Dear Peter,
- It does present smaller image size or more distant listening perspective on all recording. Degree does var though. By smaller or more distant I mean in comparison to Opus1 and MSL Platinum.
- Not the arm or the table. The AtlasSL has been on same arm and tt as Opus1 and MSL. No need to question if I was hearing the arm or the tt.
- The MSL and Opus1 consistently give upfront/closer presentation on AF1P and Kronos in comparison to the AtlasSL.
- I really don’t know how the recordings were made. How close the mic was or what was actually the true size. We have to give these carts to Gary Goh to try and listen to his own Anne Bisson direct to disc. The recording was a one-take, everyone on the same stage live kind of thing. He can answer us which cart has true to source size, scale and presentation.
- You thought right about transparency of carts of this caliber. The three are extremely transparent. Whether you hear its inherent transparency is really up to your arm and the rest of your gears. If you don’t find them extremely transparent, judge your arm first not the carts.
- You seem like a true to source type of listener, Peter. I really don’t know what true to source is. Is tape true to source? I used to use tape as reference. Now that I find my vinyls could sound better than tape on more and more occasions. I just don’t worry about what true to source and go for what I perceive as real and give me the suspension of disbelief. In aspect of image size, particularly in jazz, the AtlasSL is like I listen to jazz in a cafe of the Oriental Hotel or life size Sarah Vaughan standing in my room. Btw, I don’t like sitting up front closest to the stage when I go to jazz pub.
Kind regards,
Tang
Thank you Tang. I'm not talking about "true to source" per se. To me that would mean that a system presents exactly what is on the recording.
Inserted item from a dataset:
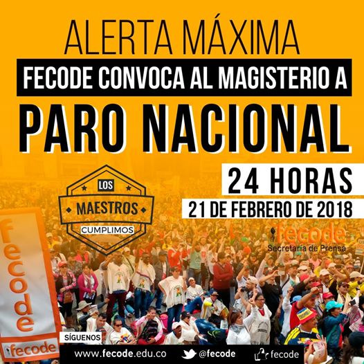 Fechas de pago del paro y los subsidios en febrero de 2024 , Fecode convocó a la doble jornada de protestas, ante las denuncias de amenazas contra los docentes.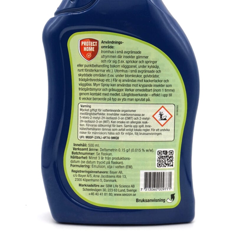 Myrr® Myrspray är ett färdigblandat bekämpningsmedel som används för att hantera förekomst av myror och andra krypande insekter i och omkring hemmet. Produkten verkar genom kontakt och är avsedd att användas på platser där insekter rör sig, exempelvis längs socklar, i sprickor och vid dörrtrösklar. Effekten uppnås vanligtvis kort efter applicering och kan kvarstå på behandlade ytor under en längre tid.

I agree that that is difficult or imposible to verify. My comments were referring to the listener perspective as presented by each of these cartridges. I think that that is highly dependant on the mic position and then on the intent of the recording engineers and then on how the cartridge is designed and how it performs in a given system and room. You have clarified for me a characteristic of these cartridges, namely how up close or distant they present the music that is on the recording in your setting. The Atlas, in your system and room, seems to present smaller image sizes and a more distant listening perspective than the other two cartridges. That is new information for me which I have not read before.
I also don't like to sit too close to live jazz musicians. It is too loud. And I can't stand when everything in amplified in a small jazz club. I do like to sit fairly close in a live chamber setting and in about the 10-20th row in a good symphony hall. If a recording is close mic'd, I don't really want the system to present a distant listening perspective. That implies to me that something about the system is altering the way the information on the recording. If the recording is up close, I want to experience that. If it is more distant, then I would prefer that. I feel differently about other sonic characteristics of recordings like dynamics and tone.
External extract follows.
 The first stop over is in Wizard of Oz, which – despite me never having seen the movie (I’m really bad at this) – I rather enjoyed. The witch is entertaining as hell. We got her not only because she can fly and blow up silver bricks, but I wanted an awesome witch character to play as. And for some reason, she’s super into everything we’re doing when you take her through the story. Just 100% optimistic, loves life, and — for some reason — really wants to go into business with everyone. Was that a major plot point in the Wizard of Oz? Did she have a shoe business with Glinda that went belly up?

I do enjoy hearing differences between recordings, but I also want the music to sound natural in general, so it is a matter of finding balance that meets my preferences. If I wanted only what is on the recording, my component choices would be slightly different. I might not have Pass electronics or two way speakers with limited frequency range, for instance. But I do adjust my VTA for different LPs which does get me closer to what is on a particular LP. I strongly believe that those who choose not to adjust VTA are getting a more blended, less specific to each LP sound, but that is a discussion for another day.
I can't answer your question about tape being "true to source." I don't own a tape player or tapes. I have heard a few tape set ups and have not actually preferred them to LP in the same system. Sometimes yes, sometimes no. I do have some amazing Direct to Disk LPs which may arguably be truer recordings of the actual event. It also depends on what you mean by "source". Some people refer to the recording as the source, some the live event, some the original tape. Some think of it as the idea in the imagination of the composer, and that is surely corrupted many times before we even hear it live, let alone in our listening rooms.